DART team members inspect the spacecraft before it took off on its one-way mission. If a Dimorphos-sized asteroid (or bigger) were to threaten Earth, Dr. Andy Rivkin, the DART investigation team co-lead at the Johns Hopkins Applied Physics Laboratory, said NASA or other space agencies would build more DART-like spacecraft to handle the unwanted visitor. (NASA/Johns Hopkins APL)

What if Dimorphos hit the Earth?

Remember earlier when it was mentioned that Dimorphos has a diameter of 525 feet? While we have the ability to see something that size coming from decades off, said Rivkin, something that size can still do some major damage if it fell to Earth.

“The spot where it hit would end up as a crater perhaps a mile wide, and there would be devastation for 50 or more miles. It would be a natural disaster unparalleled in human history if it were to hit a city with no warning,” he said.

Now, something bigger, say half a mile in size, were to hit the Earth? That would ruin humankind’s vacation plans.

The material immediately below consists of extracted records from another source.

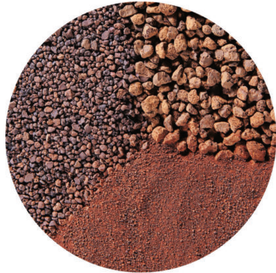
FerroSorp® Plus in different granular sizes

FerroSorp® Plus is on offer in different grain sizes and can therefore be used both in special filter cartridges which operate on the suspension bed filter principle and in filter bags that can be inserted conveniently into any multilayer filter. In addition to phosphates and silicates, FerroSorp® Plus also binds harmful heavy metal ions such as lead, copper and zinc.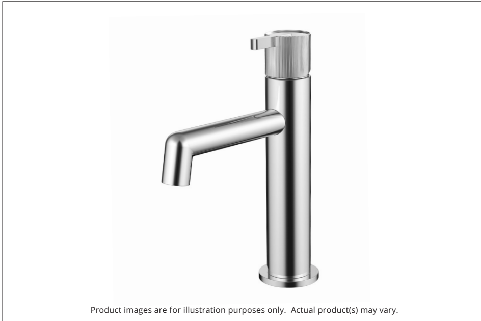
Product images are for illustration purposes only. Actual product(s) may vary.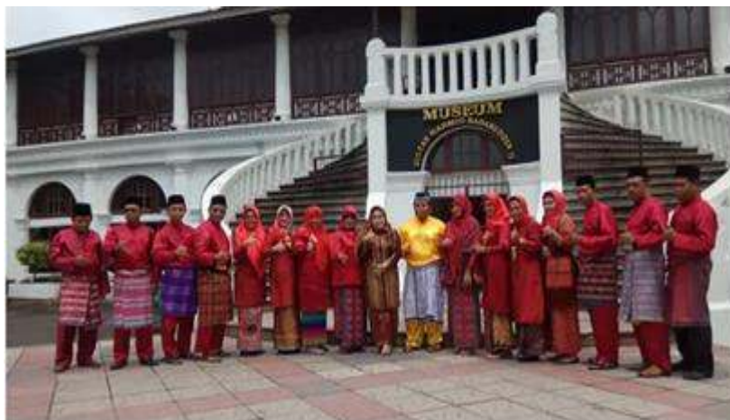
Figure 11. PNSof Palembang's Department of Culture and tourism wearing traditional Palembang clothes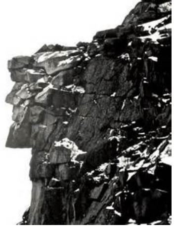
“The Old Man of the Mountain”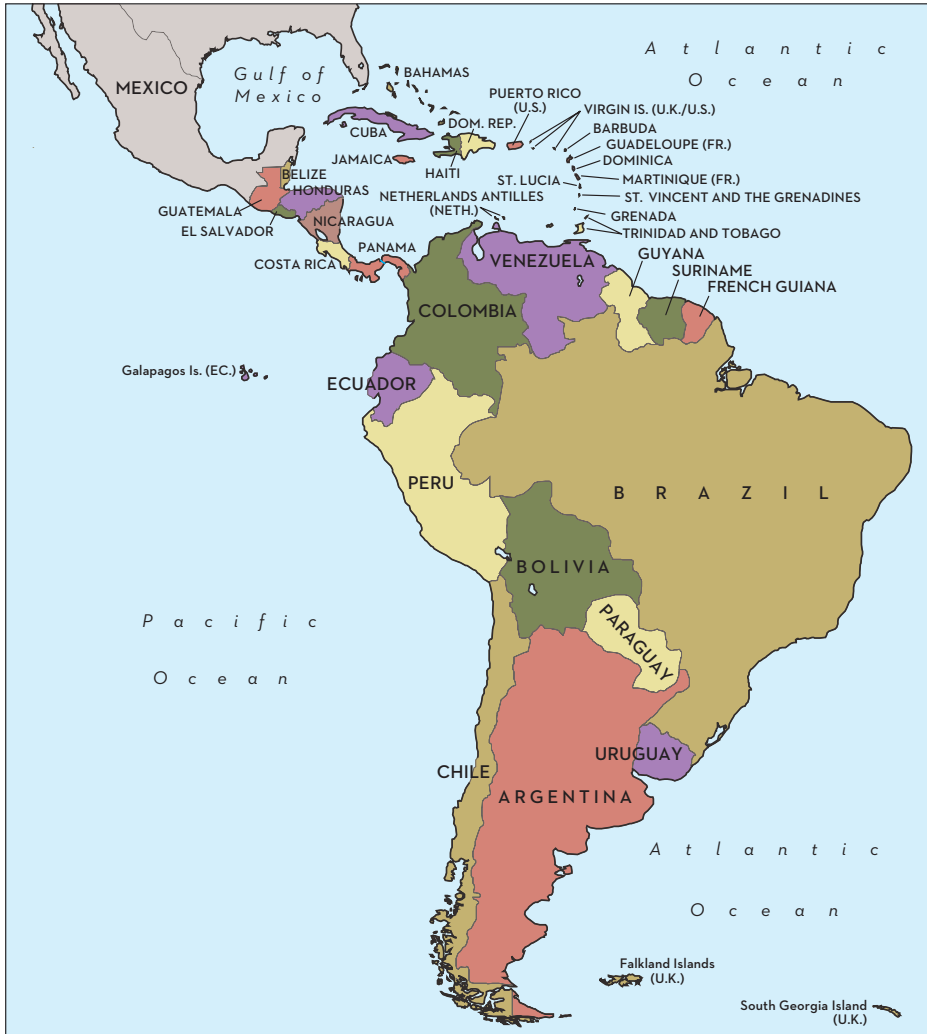
CENTRAL AND SOUTH AMERICA

But Rivkin reassured something that size does not happen often.

“Something about a half-mile in size, which is big enough to threaten human civilization, hits the earth about twice every million years. We know where all of those objects are, and none are in orbits we need to worry about. We do expect that it will eventually happen, but it will probably be tens of thousands of years in the future or more, and I’m confident that humankind will have the tools to deal with it then,” he said.

And by the off chance astronomers did not notice a half-a-mile-sized asteroid heading to Earth, it might take NASA and other space agencies a year or two to build a DART-like spacecraft and they might build more than one, said Rivkin.